Leontief, Wassily


Leontief, Wassily

(lē`ŏntēf), 1906–99, American economist, b. Russia, grad. Univ. of Berlin (Ph.D., 1928). The son of a Russian economist, he and his family left the Soviet Union in 1925 because of their opposition to the Bolshevik government. After serving as an adviser on railroad construction to the Chinese government (1929), he emigrated to the United States. He joined the faculty of Harvard in 1931, rising to the rank of professor in 1946. In 1975, he left Harvard to teach at New York Univ. Leontief is best known for his development of the input-output method of economic analysis, used by most industrialized nations for planning and predicting economic progress. He was awarded (1973) the Nobel Memorial Prize in Economic Sciences.

Leontief, Wassily

 

Born Aug. 5, 1906, in St. Petersburg. American economist.

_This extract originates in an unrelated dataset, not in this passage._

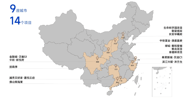 今年上半年,贝好家已经与多家头部房企展开不同程度的合作,包括招商、越秀、绿城等,9个城市14个项目,布局速度极快。

After he graduated from Leningrad University (1925), Leontief studied in Berlin (1925–28). In 1931 he emigrated to the USA and started teaching at Harvard University. In 1948 he became director of an economic research service. Leontief worked out the “input-output” method of economic analysis, a method initially developed by Soviet economists as early as 1924–28. His method studies the specific processes involved in substituting one part of social product for another in capitalist economic sectors. The principles advanced by Leontief are used for forecasting and programming the capitalist economy. Although criticizing certain conditions of bourgeois political economy and individual failings of capitalism, Leontief in his works ignores the antagonistic contradictions of capitalist production. He received the Nobel Prize in 1973.

WORKS

The Structure of the American Economy, 1919–1929. Cambridge, Mass., 1941.
Input-Output Economics. New York, 1966.